The gap -- the widest since 1986, according to data compiled by Bloomberg -- is encouraging investors because earnings forecasts indicate the U.S. will keep growing, while bond yields show confidence that inflation will stay in check....

...

``The valuation disparity is big enough that you want to make that relative bet,'' said Robert Doll, who oversees $1.1 trillion as chief investment officer at BlackRock in Plainsboro, New Jersey. ``Our view is `stay invested' because the bull market is not over, because the economic cycle is not over.''



So you see, it's worthless crap. Double whammy since that "6.53%" appears to have been based on forward operating earnings estimates.
 
As far as I know the Fed model(Comparing stocks yields to USTs bonds) has been shown to fail to predict stock returns even for the longer term. I believe Hussman has some articles on that
 
Quote from Specterx:

This is an article from April 2, 2007 titled "Cheapest Stocks in Two Decades Signal Bull Market":

http://www.bloomberg.com/apps/news?pid=newsarchive&sid=aIEj7C7IEUeI

BlackRock Inc., Fisher Investments Inc. and Schroders Plc, which manage about $1.4 trillion, say stocks are inexpensive relative to bonds. Profit of companies in the Standard & Poor's 500 Index, the benchmark for American equity, is growing faster than shares, and represents a yield of 6.53 percent compared with 4.65 percent for 10-year U.S. Treasury notes.

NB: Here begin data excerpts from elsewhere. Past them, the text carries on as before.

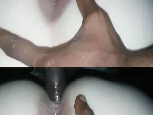 Ebony babe fingering asshole and pussy
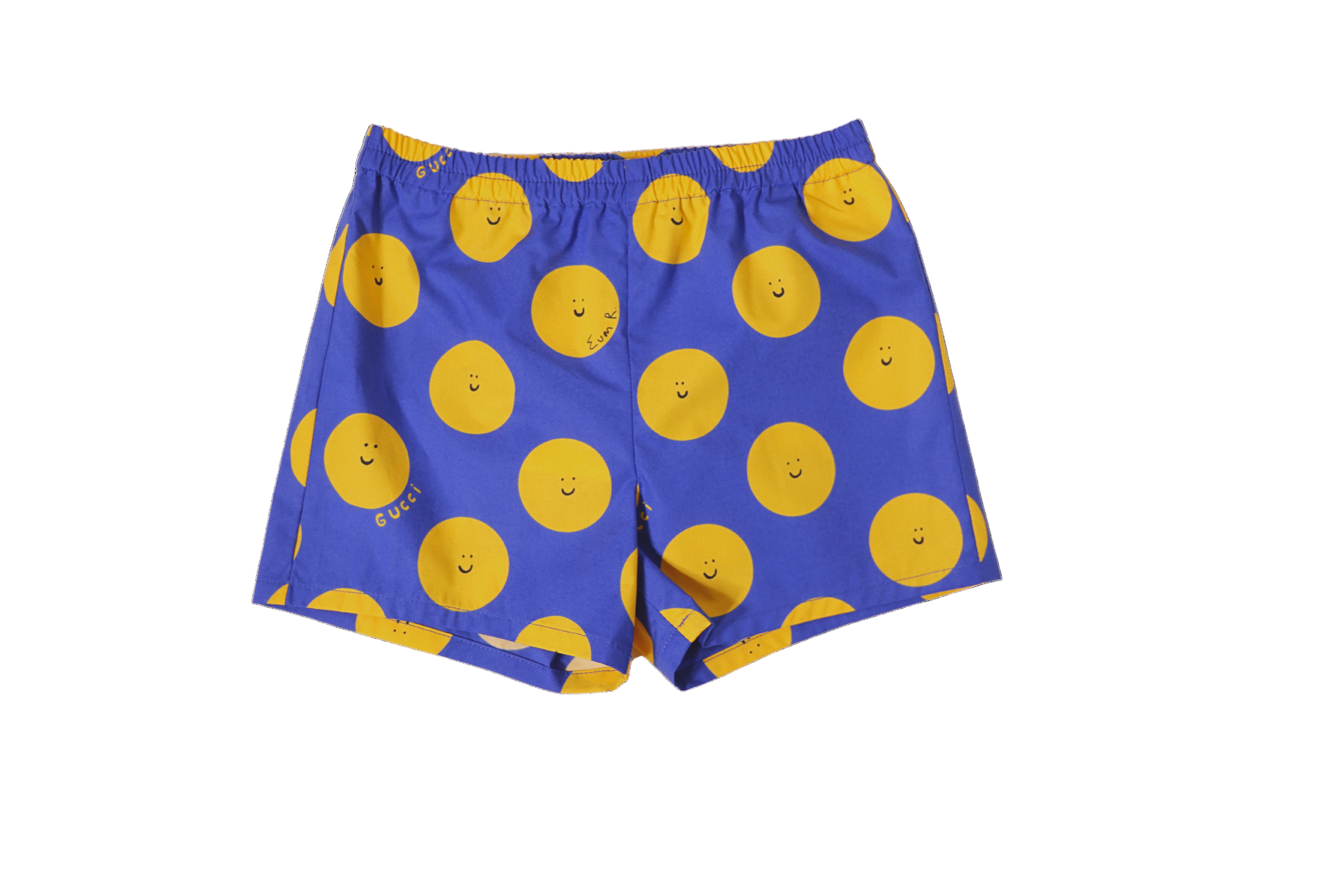 Die Gucci Kids Shorts mit fröhlichem Smiley-Allover in Blau sind perfekt für warme Tage. Der elastische Bund sorgt für hohen Tragekomfort und viel Bewegungsfreiheit. Ein verspielter Designer-Look für den Sommer.
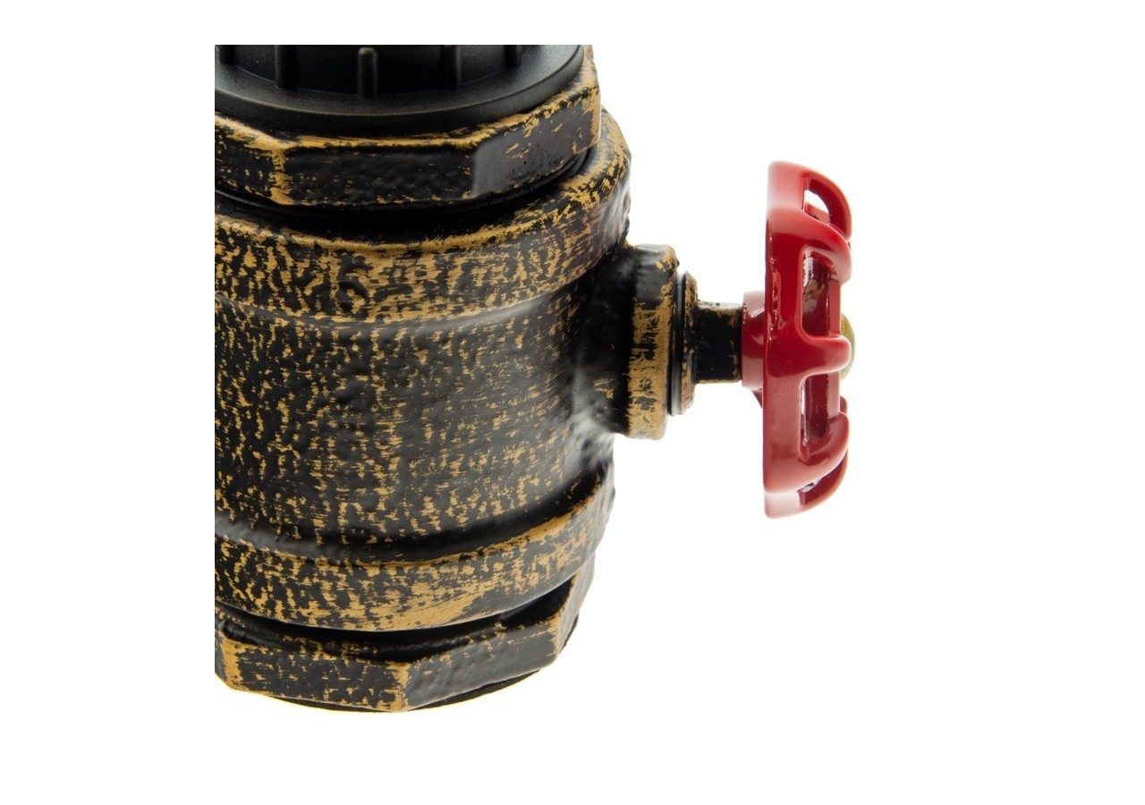 Lampe de table compacte imitant un élément de tuyauterie en cuivre vieilli, orné d'une molette rouge purement décorative (l'interrupteur se trouve sur le câble). Très originale, la lampe Luxxo est idéale pour apporter une touche design à votre intérieur.
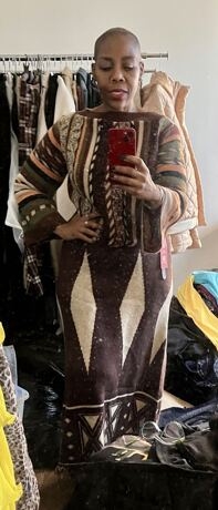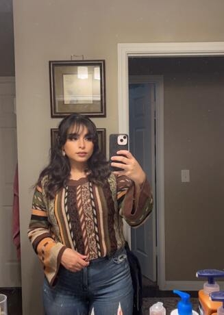 Literally my favorite sweater ever, wore it for Friendsgiving and I was so comfortable. Styled it with my bell bottoms and wedges 🫶🏼
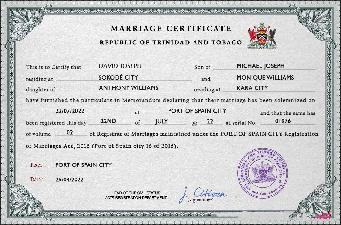Trinidad and Tobago marriage certificate PSD template download template file
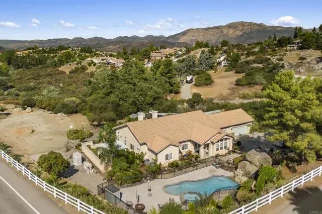 Welcome to this stunning one story home nestled in the hills of Alpine. This beautiful property boasts 2463 sq ft of living space and sits on a 2.12-acre lot and 2 car garage. As you step inside, youll be greeted by a spacious open floor plan with high ceilings and abundant natural light. Gorgeous living room opens a spacious dining room area. The gourmet kitchen is a chefs dream, featuring granite and tile countertops, stainless steel appliances (extra-large Sub-Zero Refrigerator, 2 Convection Ovens and 5 gas burner stove) and a large island with seating. The family room has an inviting fireplace and overlooks the massive yard. The primary suite offers a peaceful retreat featuring walk-in closet and a luxurious bathroom with a soaking tub and separate shower with dual Fireplace to enjoy. Outside, enjoy the well-maintained front yard which includes a pool with waterfall and spa. The spacious back yard you can enjoy entertaining or relaxing with room to roam and play. Wander through the orchard which includes grapes, peaches, tangerines, lemons, orange, grapefruit, pomegranates, apricots and green apples. Located in a desirable neighborhood, this home may have a possibility to build a second home. Dont miss this opportunity to make this exceptional property your new home! Seller will pay off the solar.
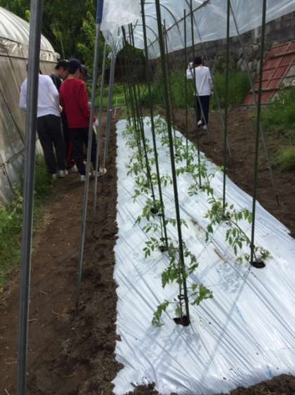農家さんでトマトのお世話を頑張っていました。
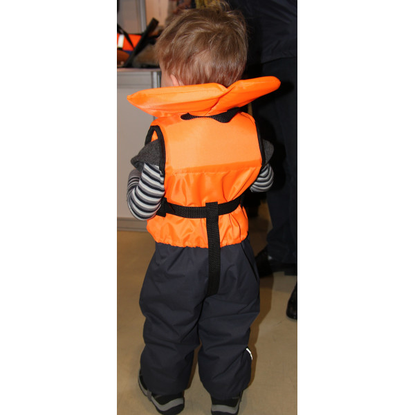 Детский спасательный жилет "Юнга-М" предназначен для детей весом до 20 кг. По возрасту подходит детям от 1 до 3 лет. Жилет оборудован удобным подголовником для поддержания головы на воде. В походном положении подголовник не мешает ребенку. Под подголовником расположена петля для удобной и быстрой подтяжки ребенка к себе. Застегивается жилет на замок-молнию и 2 ремня с фастексами, двумя шнурками на воротнике и снизу жилета. Для того, чтобы при падении в воду, жилет не слетел с ребенка - он оборудован паховой стропой. Для хорошей видимости в темное время суток на плечах и подголовнике расположены светоотражающие полосы. Спинка наполнена наполовину. В районе поясницы жилет пустой, в районе лопаток - с наполнителем. Данное расположение наполнителя гарантирует точное положенние ребенка в воде лицом вверх.

The gap -- the widest since 1986, according to data compiled by Bloomberg -- is encouraging investors because earnings forecasts indicate the U.S. will keep growing, while bond yields show confidence that inflation will stay in check....

...

``The valuation disparity is big enough that you want to make that relative bet,'' said Robert Doll, who oversees $1.1 trillion as chief investment officer at BlackRock in Plainsboro, New Jersey. ``Our view is `stay invested' because the bull market is not over, because the economic cycle is not over.''



So you see, it's worthless crap. Double whammy since that "6.53%" appears to have been based on forward operating earnings estimates.

BlackRock, Fisher, Schroeder's ... you're confusing serious research with a press release from a gaggle of massive long-only stock managers.

I find it insulting you would use such and expect anyone with any sophistication not to laugh out loud.